▶ _TASK BRIEF_: How do the lines below between the ones holding "Therefore, the focal" and "C. intermedia 'Aranbeem', AM/AOS;", inclusive, read? Give them again exactly, with no other lines.

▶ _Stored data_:
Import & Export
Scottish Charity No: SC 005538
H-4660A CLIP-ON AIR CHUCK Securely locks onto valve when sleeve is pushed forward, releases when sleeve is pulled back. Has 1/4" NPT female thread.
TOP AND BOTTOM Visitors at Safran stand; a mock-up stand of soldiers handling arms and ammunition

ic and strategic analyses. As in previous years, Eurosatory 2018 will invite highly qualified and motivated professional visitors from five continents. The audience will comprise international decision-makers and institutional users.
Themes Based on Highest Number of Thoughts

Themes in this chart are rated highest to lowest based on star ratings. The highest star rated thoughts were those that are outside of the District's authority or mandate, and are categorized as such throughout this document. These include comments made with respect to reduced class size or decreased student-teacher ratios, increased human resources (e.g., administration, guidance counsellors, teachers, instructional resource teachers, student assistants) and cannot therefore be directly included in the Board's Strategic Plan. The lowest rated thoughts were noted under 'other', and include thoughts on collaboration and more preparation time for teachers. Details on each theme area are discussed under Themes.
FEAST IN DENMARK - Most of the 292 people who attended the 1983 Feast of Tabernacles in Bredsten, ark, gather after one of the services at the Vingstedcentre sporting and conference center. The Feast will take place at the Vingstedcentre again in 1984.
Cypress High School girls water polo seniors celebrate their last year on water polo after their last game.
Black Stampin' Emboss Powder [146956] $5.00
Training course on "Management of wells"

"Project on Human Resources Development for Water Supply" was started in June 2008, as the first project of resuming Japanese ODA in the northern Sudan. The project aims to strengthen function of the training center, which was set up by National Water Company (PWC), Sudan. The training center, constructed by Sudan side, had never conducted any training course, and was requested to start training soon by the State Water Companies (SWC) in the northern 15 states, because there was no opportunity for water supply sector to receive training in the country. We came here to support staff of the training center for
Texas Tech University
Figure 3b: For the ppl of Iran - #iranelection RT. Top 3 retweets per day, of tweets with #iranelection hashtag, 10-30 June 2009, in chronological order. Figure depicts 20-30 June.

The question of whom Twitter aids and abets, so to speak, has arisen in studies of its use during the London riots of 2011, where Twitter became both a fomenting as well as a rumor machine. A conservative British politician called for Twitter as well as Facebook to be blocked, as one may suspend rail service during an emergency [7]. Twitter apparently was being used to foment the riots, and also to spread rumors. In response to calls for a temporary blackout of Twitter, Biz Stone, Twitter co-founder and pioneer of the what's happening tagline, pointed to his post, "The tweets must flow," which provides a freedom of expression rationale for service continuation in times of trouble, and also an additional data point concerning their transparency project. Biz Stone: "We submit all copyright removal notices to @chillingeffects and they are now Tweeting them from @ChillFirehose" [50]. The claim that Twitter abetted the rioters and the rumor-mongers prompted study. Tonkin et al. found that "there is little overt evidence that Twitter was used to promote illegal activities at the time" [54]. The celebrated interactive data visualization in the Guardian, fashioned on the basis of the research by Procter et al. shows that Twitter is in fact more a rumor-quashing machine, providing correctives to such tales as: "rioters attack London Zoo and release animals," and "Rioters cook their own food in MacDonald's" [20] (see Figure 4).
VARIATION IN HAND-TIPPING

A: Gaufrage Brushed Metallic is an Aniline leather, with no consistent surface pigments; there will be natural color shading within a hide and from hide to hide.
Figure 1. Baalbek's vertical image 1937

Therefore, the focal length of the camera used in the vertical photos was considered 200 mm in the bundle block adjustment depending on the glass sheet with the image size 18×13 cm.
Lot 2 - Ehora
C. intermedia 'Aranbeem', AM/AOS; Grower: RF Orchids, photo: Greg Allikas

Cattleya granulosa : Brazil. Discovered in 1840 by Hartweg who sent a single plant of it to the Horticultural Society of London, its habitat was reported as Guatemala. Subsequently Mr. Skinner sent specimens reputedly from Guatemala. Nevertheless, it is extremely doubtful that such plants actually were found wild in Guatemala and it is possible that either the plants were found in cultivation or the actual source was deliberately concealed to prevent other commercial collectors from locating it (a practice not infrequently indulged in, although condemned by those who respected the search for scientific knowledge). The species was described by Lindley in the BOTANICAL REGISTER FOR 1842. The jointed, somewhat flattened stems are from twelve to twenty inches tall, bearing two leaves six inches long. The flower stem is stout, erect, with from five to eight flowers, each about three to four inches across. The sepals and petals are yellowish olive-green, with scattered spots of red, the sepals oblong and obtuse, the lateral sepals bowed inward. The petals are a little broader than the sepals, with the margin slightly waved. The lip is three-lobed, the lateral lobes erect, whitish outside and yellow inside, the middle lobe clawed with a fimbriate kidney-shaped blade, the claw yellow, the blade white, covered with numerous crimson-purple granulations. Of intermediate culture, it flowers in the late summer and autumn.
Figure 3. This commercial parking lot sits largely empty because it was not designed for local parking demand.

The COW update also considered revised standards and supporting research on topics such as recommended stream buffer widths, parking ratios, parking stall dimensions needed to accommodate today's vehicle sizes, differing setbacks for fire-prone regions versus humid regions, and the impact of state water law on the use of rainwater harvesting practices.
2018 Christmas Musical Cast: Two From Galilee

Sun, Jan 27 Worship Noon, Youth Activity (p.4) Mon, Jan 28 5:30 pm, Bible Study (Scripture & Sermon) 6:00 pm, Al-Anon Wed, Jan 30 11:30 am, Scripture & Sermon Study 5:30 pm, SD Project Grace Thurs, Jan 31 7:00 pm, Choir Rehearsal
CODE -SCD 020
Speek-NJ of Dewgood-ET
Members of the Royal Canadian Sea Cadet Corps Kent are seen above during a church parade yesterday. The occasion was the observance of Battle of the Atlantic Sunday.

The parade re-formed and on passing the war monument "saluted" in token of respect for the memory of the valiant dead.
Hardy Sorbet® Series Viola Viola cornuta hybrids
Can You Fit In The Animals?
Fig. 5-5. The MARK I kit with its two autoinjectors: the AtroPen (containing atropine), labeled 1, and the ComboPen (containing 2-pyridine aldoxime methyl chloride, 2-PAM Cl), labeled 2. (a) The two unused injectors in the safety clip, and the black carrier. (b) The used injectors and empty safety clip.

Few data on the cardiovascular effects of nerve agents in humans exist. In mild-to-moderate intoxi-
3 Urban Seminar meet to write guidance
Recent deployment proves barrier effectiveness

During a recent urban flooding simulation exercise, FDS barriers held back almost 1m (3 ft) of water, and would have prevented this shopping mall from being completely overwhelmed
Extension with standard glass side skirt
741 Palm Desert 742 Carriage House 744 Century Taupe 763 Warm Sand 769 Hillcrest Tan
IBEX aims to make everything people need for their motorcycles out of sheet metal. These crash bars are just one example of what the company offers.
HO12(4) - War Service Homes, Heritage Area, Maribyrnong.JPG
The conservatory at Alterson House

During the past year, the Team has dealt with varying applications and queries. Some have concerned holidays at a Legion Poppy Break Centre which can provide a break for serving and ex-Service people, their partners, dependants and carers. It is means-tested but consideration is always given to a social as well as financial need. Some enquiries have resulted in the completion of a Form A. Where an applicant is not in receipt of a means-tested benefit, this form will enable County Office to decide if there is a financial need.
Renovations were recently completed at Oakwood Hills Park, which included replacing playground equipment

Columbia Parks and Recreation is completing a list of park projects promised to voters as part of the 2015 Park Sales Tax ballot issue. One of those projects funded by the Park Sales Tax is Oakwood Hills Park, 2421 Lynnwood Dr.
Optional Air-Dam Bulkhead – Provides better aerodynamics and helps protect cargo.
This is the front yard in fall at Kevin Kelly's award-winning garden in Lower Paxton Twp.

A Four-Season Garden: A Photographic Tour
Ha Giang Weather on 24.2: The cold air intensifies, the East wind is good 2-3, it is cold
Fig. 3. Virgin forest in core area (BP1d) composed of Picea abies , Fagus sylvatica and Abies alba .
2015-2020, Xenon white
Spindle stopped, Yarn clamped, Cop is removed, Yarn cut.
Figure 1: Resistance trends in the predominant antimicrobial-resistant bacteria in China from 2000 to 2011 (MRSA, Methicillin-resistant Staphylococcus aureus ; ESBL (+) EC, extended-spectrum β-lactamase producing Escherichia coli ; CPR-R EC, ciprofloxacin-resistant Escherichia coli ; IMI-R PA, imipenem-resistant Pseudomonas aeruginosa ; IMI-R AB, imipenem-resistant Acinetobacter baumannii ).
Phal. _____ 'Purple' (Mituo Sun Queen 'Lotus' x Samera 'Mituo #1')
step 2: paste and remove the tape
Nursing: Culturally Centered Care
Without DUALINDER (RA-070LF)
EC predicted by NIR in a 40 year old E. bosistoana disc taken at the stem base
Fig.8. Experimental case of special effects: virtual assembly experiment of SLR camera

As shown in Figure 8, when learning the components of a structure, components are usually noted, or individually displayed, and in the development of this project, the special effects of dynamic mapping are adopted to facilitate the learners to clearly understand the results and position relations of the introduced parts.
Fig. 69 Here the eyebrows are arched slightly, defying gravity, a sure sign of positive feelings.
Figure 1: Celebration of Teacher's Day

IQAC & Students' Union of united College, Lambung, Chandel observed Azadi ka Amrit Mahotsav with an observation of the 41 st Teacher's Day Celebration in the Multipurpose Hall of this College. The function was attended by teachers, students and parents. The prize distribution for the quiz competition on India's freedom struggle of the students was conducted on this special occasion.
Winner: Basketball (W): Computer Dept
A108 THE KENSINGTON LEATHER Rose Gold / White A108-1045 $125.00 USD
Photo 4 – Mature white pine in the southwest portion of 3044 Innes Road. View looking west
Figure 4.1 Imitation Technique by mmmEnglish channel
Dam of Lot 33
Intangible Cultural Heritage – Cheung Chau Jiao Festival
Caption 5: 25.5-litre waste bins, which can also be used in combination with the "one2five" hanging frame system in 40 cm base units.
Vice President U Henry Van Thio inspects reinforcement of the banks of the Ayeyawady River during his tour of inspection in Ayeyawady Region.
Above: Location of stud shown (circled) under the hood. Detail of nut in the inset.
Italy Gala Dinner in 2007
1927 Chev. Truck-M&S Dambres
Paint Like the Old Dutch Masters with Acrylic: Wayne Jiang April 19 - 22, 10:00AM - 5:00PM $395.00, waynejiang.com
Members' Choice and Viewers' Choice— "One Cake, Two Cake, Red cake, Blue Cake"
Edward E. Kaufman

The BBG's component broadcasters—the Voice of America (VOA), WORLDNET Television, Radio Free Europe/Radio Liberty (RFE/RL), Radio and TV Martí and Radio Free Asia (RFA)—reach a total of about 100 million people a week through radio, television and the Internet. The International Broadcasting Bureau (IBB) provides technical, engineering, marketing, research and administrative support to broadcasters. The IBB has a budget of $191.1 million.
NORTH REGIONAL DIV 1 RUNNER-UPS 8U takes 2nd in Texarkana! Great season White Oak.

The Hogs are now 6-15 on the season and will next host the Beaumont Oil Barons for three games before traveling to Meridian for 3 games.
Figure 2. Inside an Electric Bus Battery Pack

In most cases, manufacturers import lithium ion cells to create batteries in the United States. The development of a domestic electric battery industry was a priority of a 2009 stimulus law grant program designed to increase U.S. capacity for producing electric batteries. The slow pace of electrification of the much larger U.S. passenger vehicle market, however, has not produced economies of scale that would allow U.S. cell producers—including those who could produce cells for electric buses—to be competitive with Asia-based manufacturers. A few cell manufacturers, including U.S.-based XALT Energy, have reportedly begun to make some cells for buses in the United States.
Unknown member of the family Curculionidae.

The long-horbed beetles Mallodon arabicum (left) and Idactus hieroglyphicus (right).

▶ _ANSWER SECTION_:
Therefore, the focal length of the camera used in the vertical photos was considered 200 mm in the bundle block adjustment depending on the glass sheet with the image size 18×13 cm.
Lot 2 - Ehora
C. intermedia 'Aranbeem', AM/AOS; Grower: RF Orchids, photo: Greg Allikas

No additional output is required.